**What you have to do**
Please return every record below exactly as it stands.

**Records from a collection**
┄┄┄┄┄┄

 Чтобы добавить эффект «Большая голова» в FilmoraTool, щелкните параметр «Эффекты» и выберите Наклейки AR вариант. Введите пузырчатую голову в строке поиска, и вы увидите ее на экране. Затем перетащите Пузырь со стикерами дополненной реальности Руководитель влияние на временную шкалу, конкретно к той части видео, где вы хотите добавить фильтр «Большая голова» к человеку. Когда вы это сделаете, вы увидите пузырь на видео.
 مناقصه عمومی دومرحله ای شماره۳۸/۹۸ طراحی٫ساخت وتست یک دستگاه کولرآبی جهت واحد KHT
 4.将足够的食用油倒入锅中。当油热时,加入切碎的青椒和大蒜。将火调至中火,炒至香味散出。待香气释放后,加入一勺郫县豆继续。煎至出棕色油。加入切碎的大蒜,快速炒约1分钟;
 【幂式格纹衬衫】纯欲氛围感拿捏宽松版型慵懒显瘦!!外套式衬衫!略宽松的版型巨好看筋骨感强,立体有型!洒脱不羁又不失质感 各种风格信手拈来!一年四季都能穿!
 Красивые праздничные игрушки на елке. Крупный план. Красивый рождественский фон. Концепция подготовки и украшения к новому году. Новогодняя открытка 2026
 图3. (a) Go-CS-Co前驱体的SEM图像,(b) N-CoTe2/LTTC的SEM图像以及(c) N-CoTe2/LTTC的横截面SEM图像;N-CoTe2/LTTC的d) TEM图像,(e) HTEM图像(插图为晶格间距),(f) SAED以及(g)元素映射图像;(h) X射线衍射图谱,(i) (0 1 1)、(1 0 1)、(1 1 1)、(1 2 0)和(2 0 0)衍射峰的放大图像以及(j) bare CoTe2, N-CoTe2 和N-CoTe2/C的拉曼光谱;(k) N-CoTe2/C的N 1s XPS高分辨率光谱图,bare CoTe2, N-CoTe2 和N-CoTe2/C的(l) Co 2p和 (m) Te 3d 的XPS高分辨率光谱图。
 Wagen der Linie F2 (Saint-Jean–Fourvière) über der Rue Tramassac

┄┄┄┄┄┄

**Result of this task**
 Чтобы добавить эффект «Большая голова» в FilmoraTool, щелкните параметр «Эффекты» и выберите Наклейки AR вариант. Введите пузырчатую голову в строке поиска, и вы увидите ее на экране. Затем перетащите Пузырь со стикерами дополненной реальности Руководитель влияние на временную шкалу, конкретно к той части видео, где вы хотите добавить фильтр «Большая голова» к человеку. Когда вы это сделаете, вы увидите пузырь на видео.
 مناقصه عمومی دومرحله ای شماره۳۸/۹۸ طراحی٫ساخت وتست یک دستگاه کولرآبی جهت واحد KHT
 4.将足够的食用油倒入锅中。当油热时,加入切碎的青椒和大蒜。将火调至中火,炒至香味散出。待香气释放后,加入一勺郫县豆继续。煎至出棕色油。加入切碎的大蒜,快速炒约1分钟;
 【幂式格纹衬衫】纯欲氛围感拿捏宽松版型慵懒显瘦!!外套式衬衫!略宽松的版型巨好看筋骨感强,立体有型!洒脱不羁又不失质感 各种风格信手拈来!一年四季都能穿!
 Красивые праздничные игрушки на елке. Крупный план. Красивый рождественский фон. Концепция подготовки и украшения к новому году. Новогодняя открытка 2026
 图3. (a) Go-CS-Co前驱体的SEM图像,(b) N-CoTe2/LTTC的SEM图像以及(c) N-CoTe2/LTTC的横截面SEM图像;N-CoTe2/LTTC的d) TEM图像,(e) HTEM图像(插图为晶格间距),(f) SAED以及(g)元素映射图像;(h) X射线衍射图谱,(i) (0 1 1)、(1 0 1)、(1 1 1)、(1 2 0)和(2 0 0)衍射峰的放大图像以及(j) bare CoTe2, N-CoTe2 和N-CoTe2/C的拉曼光谱;(k) N-CoTe2/C的N 1s XPS高分辨率光谱图,bare CoTe2, N-CoTe2 和N-CoTe2/C的(l) Co 2p和 (m) Te 3d 的XPS高分辨率光谱图。
 Wagen der Linie F2 (Saint-Jean–Fourvière) über der Rue Tramassac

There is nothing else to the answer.